A TensorRT model definition is called a Plan. A TensorRT Plan is a single file that by default must be named model.plan. This default name can be overridden using the default_model_filename property in the model configuration.

A TensorRT Plan is specific to a GPU's CUDA Compute Capability. As a result, TensorRT models will need to set the cc_model_filenames property in the model configuration to associate each Plan file with the corresponding Compute Capability.

A minimal model repository for a TensorRT model is:

  <model-repository-path>/
    <model-name>/
      config.pbtxt
      1/
        model.plan

ONNX Models

An ONNX model is a single file or a directory containing multiple files. By default the file or directory must be named model.onnx. This default name can be overridden using the default_model_filename property in the model configuration.

Triton supports all ONNX models that are supported by the version of ONNX Runtime being used by Triton. Models will not be supported if they use a stale ONNX opset version or contain operators with unsupported types.

A minimal model repository for a ONNX model contained in a single file is:

  <model-repository-path>/
    <model-name>/
      config.pbtxt
      1/
        model.onnx

An ONNX model composed from multiple files must be contained in a directory. By default this directory must be named model.onnx but can be overridden using the default_model_filename property in the model configuration. The main model file within this directory must be named model.onnx. A minimal model repository for a ONNX model contained in a directory is:

  <model-repository-path>/
    <model-name>/
      config.pbtxt
      1/
        model.onnx/
           model.onnx
           <other model files>

TorchScript Models

An TorchScript model is a single file that by default must be named model.pt. This default name can be overridden using the default_model_filename property in the model configuration. It is possible that some models traced with different versions of PyTorch may not be supported by Triton due to changes in the underlying opset.

A minimal model repository for a TorchScript model is:

  <model-repository-path>/
    <model-name>/
      config.pbtxt
      1/
        model.pt

TensorFlow Models

TensorFlow saves models in one of two formats: GraphDef or SavedModel. Triton supports both formats.

A TensorFlow GraphDef is a single file that by default must be named model.graphdef. A TensorFlow SavedModel is a directory containing multiple files. By default the directory must be named model.savedmodel. These default names can be overridden using the default_model_filename property in the model configuration.

A minimal model repository for a TensorFlow GraphDef model is:

  <model-repository-path>/
    <model-name>/
      config.pbtxt
      1/
        model.graphdef

A minimal model repository for a TensorFlow SavedModel model is:

  <model-repository-path>/
    <model-name>/
      config.pbtxt
      1/
        model.savedmodel/
           <saved-model files>

Python Models

The Python backend allows you to run Python code as a model within Triton. By default the Python script must be named model.py but this default name can be overridden using the default_model_filename property in the model configuration.
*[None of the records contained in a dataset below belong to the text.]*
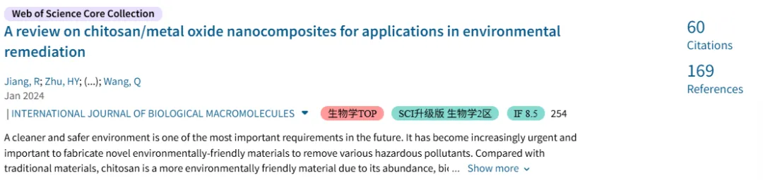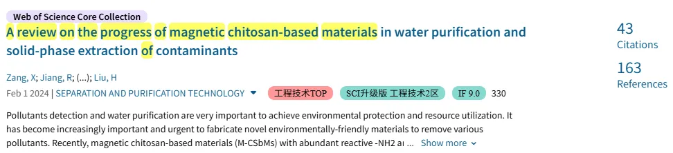 2024年1月,国际期刊《International Journal of Biological Macromolecules》期刊发表了阳光净水课题组题为“A review on chitosan/metal oxide nanocomposites for applications in environmental remediation“的综述性论文。更清洁、更安全的环境是未来最重要的要求之一。与传统材料相比,壳聚糖具有丰富的生物相容性、生物降解性、成膜能力和亲水性,是一种更环保的功能材料。由于壳聚糖分子链上丰富的-NH2和-OH基团可以有效地与各种金属离子螯合,壳聚糖基材料作为金属氧化物纳米材料(TiO2、ZnO、SnO2、Fe3O4等)的多功能支撑基质具有巨大的潜力。近年来,许多壳聚糖/金属氧化物纳米材料(CS/MONM)作为吸附剂、光催化剂、非均相类芬顿试剂和传感器,在环境修复和监测中具有潜在和实际的应用。本综述全面分析和总结了CS/MONMs复合材料的最新进展,这将为CS/MONMs复合材料的制备和废水处理应用提供丰富而有意义的信息,并有助于研究人员更好地了解CS/MONMs复合材料在环境修复与监测中的潜力。该论文自2024年1月线上发表以来,现已被引用59次(Web of Science),国际引用占比55.0%。2024年2月,国际期刊《Separation and Purification Technology》发表了阳光净水课题组题为“ A review on the progress of magneticchitosan-basedmaterials in water purification and solid-phase extraction of contaminants”的综述性论文。污染物检测和水净化对于实现环境保护和资源利用非常重要。构建新型功能材料去除各种污染物也变得越来越重要和紧迫。本综述总结了磁性壳聚糖(M-CSbMs)的3种可靠制备策略(原位策略、两步策略和沉积后策略),并详细介绍了M-CSbMs在有效吸附/光催化去除污染物(如重金属离子、有机染料、抗生素和其他污染物)和磁性固相萃取超低浓度污染物等方面的研究进展。最后,提出了M-CSbMs目前面临的挑战和前景,以期促进其在水净化和固相萃取污染物方面的实际应用。该论文自2024年2月发表以来,现已被引用43次(Web of Science)。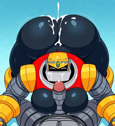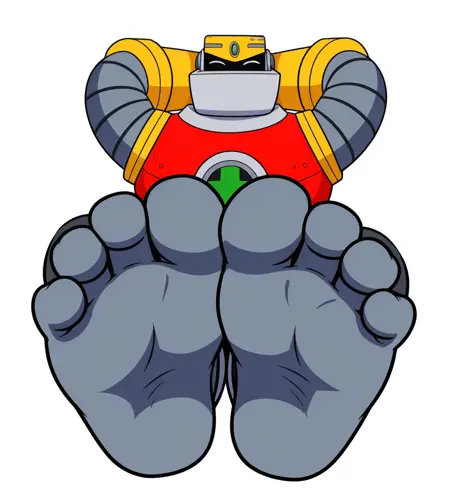 gut5m4nexe, 로봇, 입이 없는, 큰 턱, 초록색 눈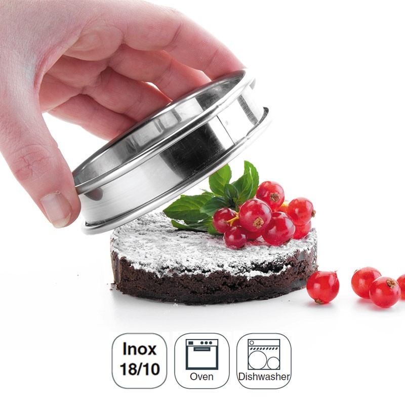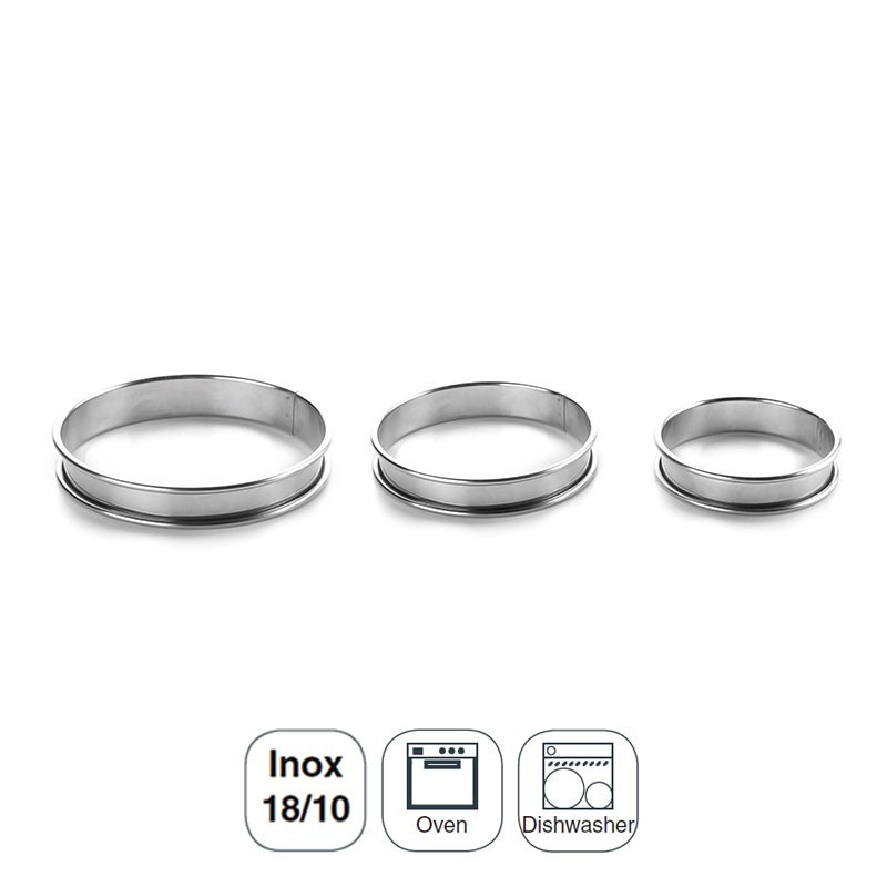 Bague ronde en acier inoxydable 18/10 avec des bords arrondis et 2,2 cm de hauteur idéale pour servir des petits plats ou des desserts. Disponible en différents diamètres.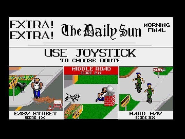El juego empieza con la selección del nivel de dificultad, que no es otra cosa que elegir una de las tres calles: Easy Street, Middle Road y Hard Way, cada una con sus bonificadores de puntos. El objetivo final del juego es completar toda una semana de trabajo, entregando perfectamente los periódicos en los buzones.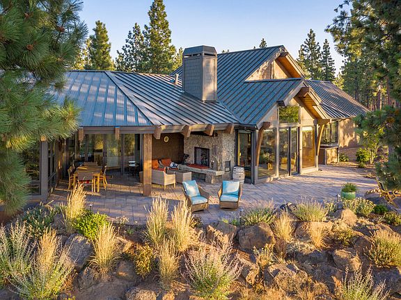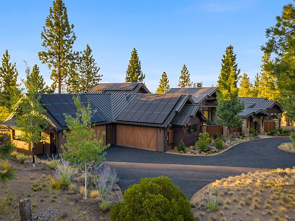 An inspiring and completely private setting located in the coveted Tree Farm community on Bend's Westside! Sited on a premier 2 acre lot, this classic Northwest masterpiece by Norman Building offers an exceptional, SINGLE LEVEL floorplan w/stunning Cascade and Shevlin Park views. Natural design elements include dramatic timber beams, stone, warm wood and steel accents throughout. Exquisite Great Room features wood burning fp, soaring ceilings and windows framing the Cascades and tree-lined vista. Chef's kitchen w/concrete counters, extensive island and Thermador appl. Family Room w/gas fp. Primary Suite features fabulous window seat looking out to the views and spa-like BA w/quartz vanity, soaking tub and tiled shower. Private home office. Multiple outdoor spaces to enjoy: Entertain al fresco on the covered patio w/outdoor fp, relax by the firepit, or begin the day in the delightful front courtyard w/tranquil water feature. 4 car garage. Moments to Westside amenities and schools.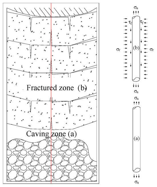 After coal seam extraction, as the overlying rock continuously collapses from the bottom to the top, the rock layers exhibit distinct zonal collapse features with corresponding zonal stress changes within the rock layers due to mining. In this context, the mechanical force state of the rock layers and the optical fiber within the collapse and fracture zones is discussed. A mechanical analysis model for the deformation of rock layers in the collapse and fracture zones with vertical fiber optics is established, as shown in Figure 3.
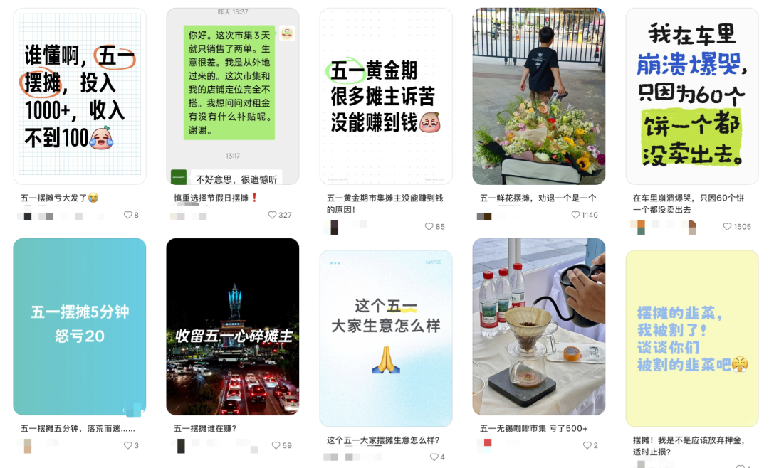 然而,在市集擺攤從來不是一件輕松的事,雖然也有攤主在社交平臺上發(fā)帖表示擺攤?cè)焓杖氤^五萬、日入四位數(shù),但大多數(shù)的攤主需要直面的是暴曬雨淋一整天但日均收入不超過百元的殘酷現(xiàn)實(shí)。今年的五一黃金周里,有不少在市集擺攤的攤主在社交平臺上紛紛發(fā)帖吐槽收入甚微,入不敷出,甚至“有的連攤位費(fèi)都沒賺回來”。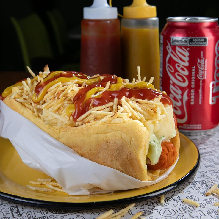 Venha saborear nosso super HOTDOG com molho tradicional de salsicha+milho+mussarela+batata palha . Uma explosão de sabor!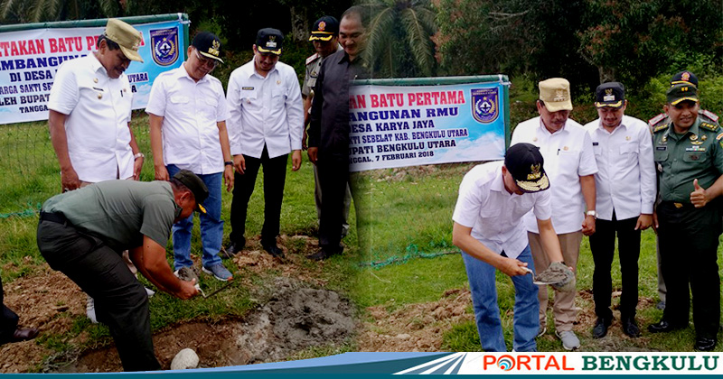 PORTAL BENGKULU UTARA – Usai kegiatan panenraya padi, PLt Gubernur Bengkulu Dr drh H Rohidin Mersyah, bersama Bupati BU Ir Mian, Dandim 0423 BU Letkol. Arh. Ari Trisenta Nursanto, Wakil Bupati Arie Septia Adinata SE, DPRD dan unsur terkait lainnya Rabu (7/2) melakukan peletakan batu pertama RMU Desa Karya Jaya Kecamatan Marga Sakti Sebelat.

A minimal model repository for a Python model is:

  <model-repository-path>/
    <model-name>/
      config.pbtxt
      1/
        model.py

DALI Models

The DALI backend allows you to run a DALI pipeline as a model within Triton. In order to use this backend, you need to generate a file, by default named model.dali, and include it in your model repository. Please refer to DALI backend documentation for the description, how to generate model.dali. The default model file name can be overridden using the default_model_filename property in the model configuration.

A minimal model repository for a DALI model is:

  <model-repository-path>/
    <model-name>/
      config.pbtxt
      1/
        model.dali